The Paradox of Consulting Revenue
Tell me if you’ve heard this one before: a new founder talks to investors to get advice on what to focus on before raising early-stage capital. The VCs wax poetic on a variety of subjects, with many of them eventually landing on one: revenue. The eager founder then goes about building her business and, along the way, makes a point of generating revenue the only way she can: through consulting. Fast-forward to fundraising time and she gets an ice-cold response when proudly trumpeting her revenue numbers.
The founder has fallen into the paradox of consulting revenue. While well-meaning advisors will often tell founders that “all revenue is good,” the reality is that when it comes to fundraising not all revenue is created equally.
Predicting Future Business
The problem with consulting revenue, from a potential investor’s standpoint, is that it doesn’t necessarily tell us much about the business that the founder is trying to create, even if the consulting work is in the same space. Consider the following example:
A founder of a marketing automation startup generates early revenue by doing content marketing consulting for several companies.

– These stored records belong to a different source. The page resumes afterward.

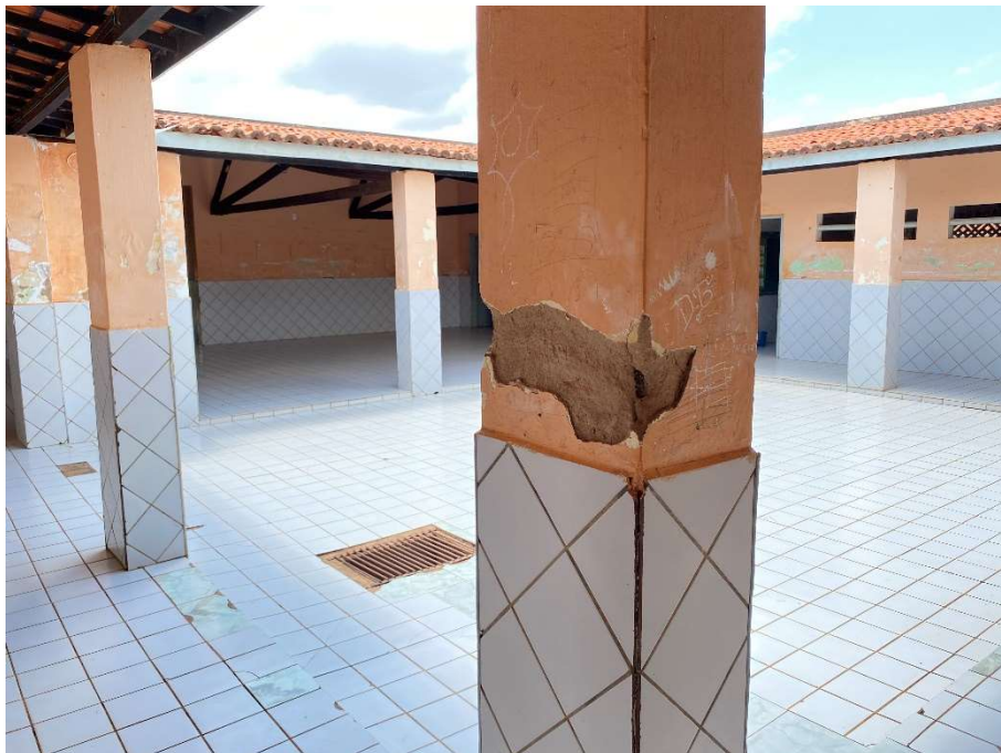
Revestimento das colunas arrancado/quebrado;
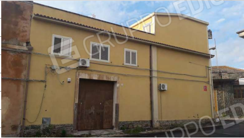
Foto n.1: immagine esterna dell'ingresso dell'edificio da via Degli Esportatori n.11 a Lentini.
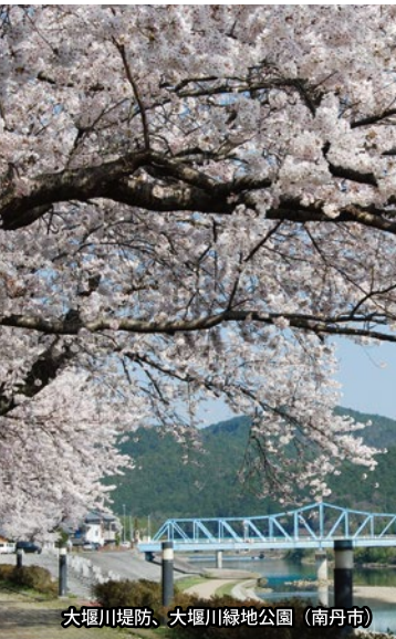
大堰川堤防、大堰川緑地公園（南丹市）

みつばつつじ：4月上旬～4月中旬 ・京丹後市久美浜町西本町 ☎0772-82-0163 ◆京都丹後鉄道宮豊線「久美浜」駅下車、徒歩15分 ◆山陰近畿自動車道野田川大宮道路「京丹後大宮」ICから約40分（28km）
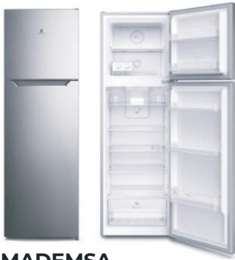
MADEMSA REFRIGERADOR ALTUS 1250
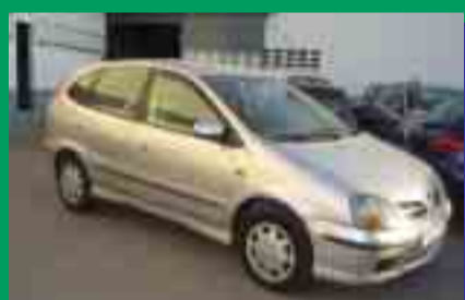
NISSAN ALMERA TINO 2.2 TD - '01 - 12.600 € ABS. 4 AIRBAGS. A.C., D.A., T.C., A.E.
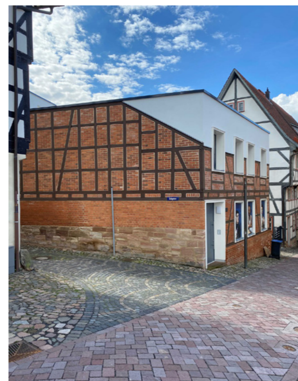
Straßenansicht Schlossberg; Bießmann+Büttner
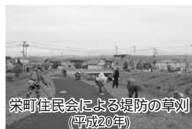
栄町住民会による堤防の草刈(平成20年)

北海道と地域住民が協働して実施する「市民団体草刈ボランティア事業」に、平成19年には中町、栄町、西富の4住民会、平成20・21年度には中町、栄町、西富の3住民会が協力して、河川の堤防周辺の草刈を実施しています。
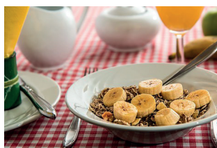
De tafel dekken en afruimen
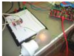
230V phase control
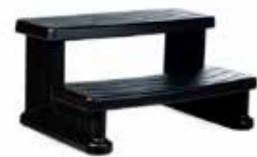
STEP I NOIR
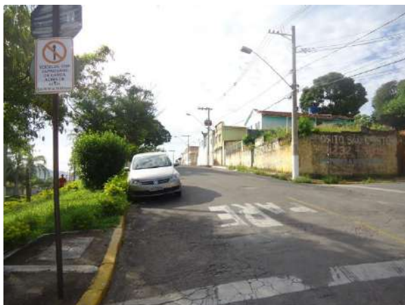
Pará de Minas Gruta de Nossa Senhora de Lourdes Placas de trânsito e informativas em bom estado de conservação na Praça Francisco Valadares. (foto 06)
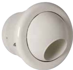
AR 190 THERMO D230 RAL9010-85%

L'AR 190 Thermo est un diffuseur à longue portée pour la diffusion d'air dans les bâtiments tertiaires avec une grande hauteur sous plafond.
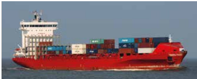
Esperance Length 168.10 m Capacity 1436 TEU

Her rationale, beyond just generating revenue, is that it would let her see first-hand the challenges that real companies face in the content marketing space and provide a funnel for early beta testers and (hopefully) customers. Perhaps she’s even generating $10K or $20K per month in revenue, yet when it comes time to fundraise, potential investors don’t seem to care. Why not?
Here’s what consulting revenue tells us:
- The founder is knowledgeable about the space
- The founder is able to sell (very important for potential investors!)
- There is a market for content marketing consulting
What it doesn’t tell us is whether or not there’s a market for the marketing automation software itself.
Worse yet, it may raise concerns about the founder’s focus:
- Is she spending enough time on the core business?
- Is she going to get “addicted” to the consulting revenue?
When all is said and done, one big question remains: can she actually turn the consulting revenue into product revenue?
How to Frame Consulting Revenue
This is not to say that our founder should hide her consulting revenue (or not pursue it in the first place), but within the context of a fundraising pitch it’s essential that the revenue be framed correctly. Specifically, consulting revenue should be presented as a means to an end and it should never be misrepresented as product revenue.
Consider the following two charts:
While both charts show the same revenue from October through March, the chart on the left omits any indication that the revenue is from consulting. By contrast, the chart on the right explicitly calls it out as consulting revenue. Better yet, it adds projected product revenue and an eventual decline in consulting revenue in order to preempt the obvious question of “when do you expect to transition from consulting revenue to product revenue?” and prompt a conversation on the topic.
It’s very tempting to “hide” the fact that early revenue is from consulting in order to make things look better, but any remotely experienced investor will figure out the truth with a few simple questions. Not only is there literally nothing to be gained from this charade, but taking this approach will negatively impact your fundraising efforts, as the first impression they will have is of a founder who intentionally misleads investors on revenue — not a good thing!
Be Proud But Honest
All other things equal, a startup that has any revenue (even consulting revenue) is in a stronger position to fundraise than one that does not, if only for the insights it provides about the founder’s knowledge of the space and their ability to sell. However, it’s essential that non-product revenue be presented to potential investors for what it is and you must be prepared to answer questions about how/when/if you will transition away from consulting revenue, when you expect to begin making product revenue, etc.
Remember that investors are trying to understand the business you’re pitching them, so unless your goal is to create a consulting company, then be sure you’re prepared to answer questions about your consulting revenue head-on.